Identification of Variable and Fixed Costs
In any marketing and promotional campaign, understanding cost behavior is critical. Costs are traditionally classified into variable and fixed costs based on their relationship to sales volume or production level.
Variable Costs
Variable costs fluctuate directly with the number of group sets purchased. For each group of four tickets, additional costs include the provisions provided free to customers. Specifically, for each group:
- Cost of one beer: $2.1
- Cost of one hotdog: $2.3
Therefore, per group, the variable costs are:
- Beer: $2.1
- Hotdog: $2.3
Since these items are given free with each group purchase, their costs are directly proportional to the number of groups sold. The ticket price ($35 per ticket for 4 tickets) is revenue, but only the costs of goods sold (beer and hotdog) are variable costs related to the campaign. Hence, the total variable costs per group are:
Variable Costs per Group:
- Beer: $2.1
- Hotdog: $2.3
Fixed Costs
Fixed costs are expenses that remain constant regardless of the number of groups sold. For this campaign, fixed costs include marketing expenses incurred upfront regardless of sales volume:
- Fliers: $3,000
- Newspaper advertising: $8,000
- Radio advertising: $12,000
- TV advertising: $40,000
Total fixed costs are:
Total Fixed Costs = $3,000 + $8,000 + $12,000 + $40,000 = $63,000
This sum represents the overall campaign expenditure that must be recovered through sales.
Calculation of Break-Even Point
The break-even point is reached when total revenue equals total costs, combining fixed and variable expenses.
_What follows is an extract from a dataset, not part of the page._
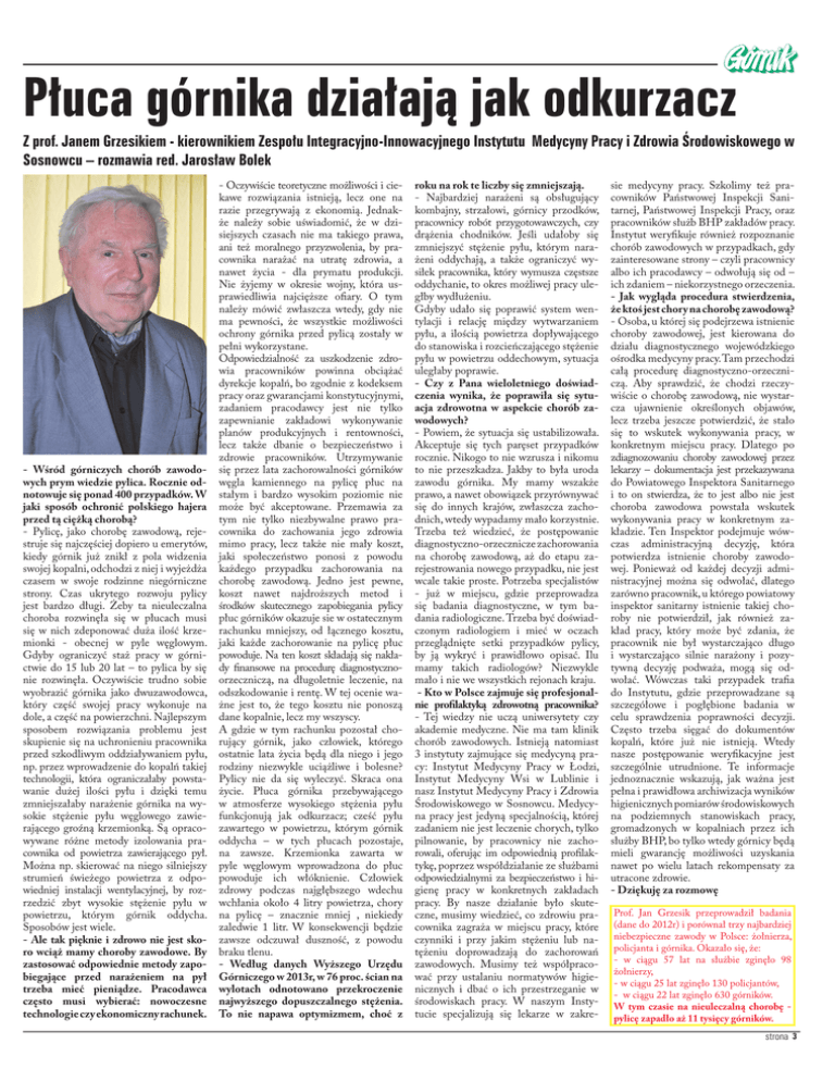 Płuca górnika działają jak odkurzacz Z prof. Janem Grzesikiem - kierownikiem Zespołu Integracyjno-Innowacyjnego Instytutu Medycyny Pracy i Zdrowia Środowiskowego w Sosnowcu – rozmawia red. Jarosław Bolek - Wśród górniczych chorób zawodowych prym wiedzie pylica. Rocznie odnotowuje się ponad 400 przypadków. W jaki sposób ochronić polskiego hajera przed tą ciężką chorobą? - Pylicę, jako chorobę zawodową, rejestruje się najczęściej dopiero u emerytów, kiedy górnik już znikł z pola widzenia swojej kopalni, odchodzi z niej i wyjeżdża czasem w swoje rodzinne niegórniczne strony. Czas ukrytego rozwoju pylicy jest bardzo długi. Żeby ta nieuleczalna choroba rozwinęła się w płucach musi się w nich zdeponować duża ilość krzemionki - obecnej w pyle węglowym. Gdyby ograniczyć staż pracy w górnictwie do 15 lub 20 lat – to pylica by się nie rozwinęła. Oczywiście trudno sobie wyobrazić górnika jako dwuzawodowca, który część swojej pracy wykonuje na dole, a część na powierzchni. Najlepszym sposobem rozwiązania problemu jest skupienie się na uchronieniu pracownika przed szkodliwym oddziaływaniem pyłu, np. przez wprowadzenie do kopalń takiej technologii, która ograniczałaby powstawanie dużej ilości pyłu i dzięki temu zmniejszałaby narażenie górnika na wysokie stężenie pyłu węglowego zawierającego groźną krzemionką. Są opracowywane różne metody izolowania pracownika od powietrza zawierającego pył. Można np. skierować na niego silniejszy strumień świeżego powietrza z odpowiedniej instalacji wentylacyjnej, by rozrzedzić zbyt wysokie stężenie pyłu w powietrzu, którym górnik oddycha. Sposobów jest wiele. - Ale tak pięknie i zdrowo nie jest skoro wciąż mamy choroby zawodowe. By zastosować odpowiednie metody zapobiegające przed narażeniem na pył trzeba mieć pieniądze. Pracodawca często musi wybierać: nowoczesne technologie czy ekonomiczny rachunek. - Oczywiście teoretyczne możliwości i ciekawe rozwiązania istnieją, lecz one na razie przegrywają z ekonomią. Jednakże należy sobie uświadomić, że w dzisiejszych czasach nie ma takiego prawa, ani też moralnego przyzwolenia, by pracownika narażać na utratę zdrowia, a nawet życia - dla prymatu produkcji. Nie żyjemy w okresie wojny, która usprawiedliwia najcięższe ofiary. O tym należy mówić zwłaszcza wtedy, gdy nie ma pewności, że wszystkie możliwości ochrony górnika przed pylicą zostały w pełni wykorzystane. Odpowiedzialność za uszkodzenie zdrowia pracowników powinna obciążać dyrekcje kopalń, bo zgodnie z kodeksem pracy oraz gwarancjami konstytucyjnymi, zadaniem pracodawcy jest nie tylko zapewnianie zakładowi wykonywanie planów produkcyjnych i rentowności, lecz także dbanie o bezpieczeństwo i zdrowie pracowników. Utrzymywanie się przez lata zachorowalności górników węgla kamiennego na pylicę płuc na stałym i bardzo wysokim poziomie nie może być akceptowane. Przemawia za tym nie tylko niezbywalne prawo pracownika do zachowania jego zdrowia mimo pracy, lecz także nie mały koszt, jaki społeczeństwo ponosi z powodu każdego przypadku zachorowania na chorobę zawodową. Jedno jest pewne, koszt nawet najdroższych metod i środków skutecznego zapobiegania pylicy płuc górników okazuje sie w ostatecznym rachunku mniejszy, od łącznego kosztu, jaki każde zachorowanie na pylicę płuc powoduje. Na ten koszt składają się nakłady finansowe na procedurę diagnostycznoorzeczniczą, na długoletnie leczenie, na odszkodowanie i rentę. W tej ocenie ważne jest to, że tego kosztu nie ponoszą dane kopalnie, lecz my wszyscy. A gdzie w tym rachunku pozostał chorujący górnik, jako człowiek, którego ostatnie lata życia będą dla niego i jego rodziny niezwykle uciążliwe i bolesne? Pylicy nie da się wyleczyć. Skraca ona życie. Płuca górnika przebywającego w atmosferze wysokiego stężenia pyłu funkcjonują jak odkurzacz; cześć pyłu zawartego w powietrzu, którym górnik oddycha – w tych płucach pozostaje, na zawsze. Krzemionka zawarta w pyle węglowym wprowadzona do płuc powoduje ich włóknienie. Człowiek zdrowy podczas najgłębszego wdechu wchłania około 4 litry powietrza, chory na pylicę – znacznie mniej , niekiedy zaledwie 1 litr. W konsekwencji będzie zawsze odczuwał duszność, z powodu braku tlenu. - Według danych Wyższego Urzędu Górniczego w 2013r, w 76 proc. ścian na wylotach odnotowano przekroczenie najwyższego dopuszczalnego stężenia. To nie napawa optymizmem, choć z roku na rok te liczby się zmniejszają. - Najbardziej narażeni są obsługujący kombajny, strzałowi, górnicy przodków, pracownicy robót przygotowawczych, czy drążenia chodników. Jeśli udałoby się zmniejszyć stężenie pyłu, którym narażeni oddychają, a także ograniczyć wysiłek pracownika, który wymusza częstsze oddychanie, to okres możliwej pracy uległby wydłużeniu. Gdyby udało się poprawić system wentylacji i relację między wytwarzaniem pyłu, a ilością powietrza dopływającego do stanowiska i rozcieńczającego stężenie pyłu w powietrzu oddechowym, sytuacja uległaby poprawie. - Czy z Pana wieloletniego doświadczenia wynika, że poprawiła się sytuacja zdrowotna w aspekcie chorób zawodowych? - Powiem, że sytuacja się ustabilizowała. Akceptuje się tych paręset przypadków rocznie. Nikogo to nie wzrusza i nikomu to nie przeszkadza. Jakby to była uroda zawodu górnika. My mamy wszakże prawo, a nawet obowiązek przyrównywać się do innych krajów, zwłaszcza zachodnich, wtedy wypadamy mało korzystnie. Trzeba też wiedzieć, że postępowanie diagnostyczno-orzecznicze zachorowania na chorobę zawodową, aż do etapu zarejestrowania nowego przypadku, nie jest wcale takie proste. Potrzeba specjalistów - już w miejscu, gdzie przeprowadza się badania diagnostyczne, w tym badania radiologiczne. Trzeba być doświadczonym radiologiem i mieć w oczach prz
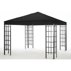 Pavillonen måler 3×3 meter. Stellet er lavet af aluminium. Med til pavillonen følger et tag og to sider. Coveret til taget og siderne er sorte og er lavet i polyester. Vinduerne på siderne er lavet af PVC.

To determine how many groups need to be sold to break even, we use the following formula:
Break-even point in groups = Fixed Costs / (Revenue per group - Variable Cost per group)
Where:
- Revenue per group = 4 tickets × $35 = $140
- Variable cost per group = $2.1 (beer) + $2.3 (hotdog) = $4.4
Plugging in these values:
Break-even groups = $63,000 / ($140 - $4.4) = $63,000 / $135.6 ≈ 464.7 groups
Since fractional groups are not practical, the organization must sell at least 465 groups to break even.
This means approximately 1,860 individual tickets (since each group consists of 4 tickets). The campaign will start generating a profit when the number of groups exceeds this threshold.
Conclusion
The "Guys Night Out" campaign involves initial fixed costs of $63,000 for advertising and promotional materials, with variable costs of about $4.4 per group for free hotdogs and beers. To achieve the break-even point, the 76ers need to sell at least 465 groups of four tickets, which translates to 1,860 individual tickets. This analysis underscores the importance of understanding cost structures in marketing campaigns and highlights the critical sales volume needed to turn a profit. Effective promotion and increasing group sales beyond the break-even point can ensure the campaign's success and profitability.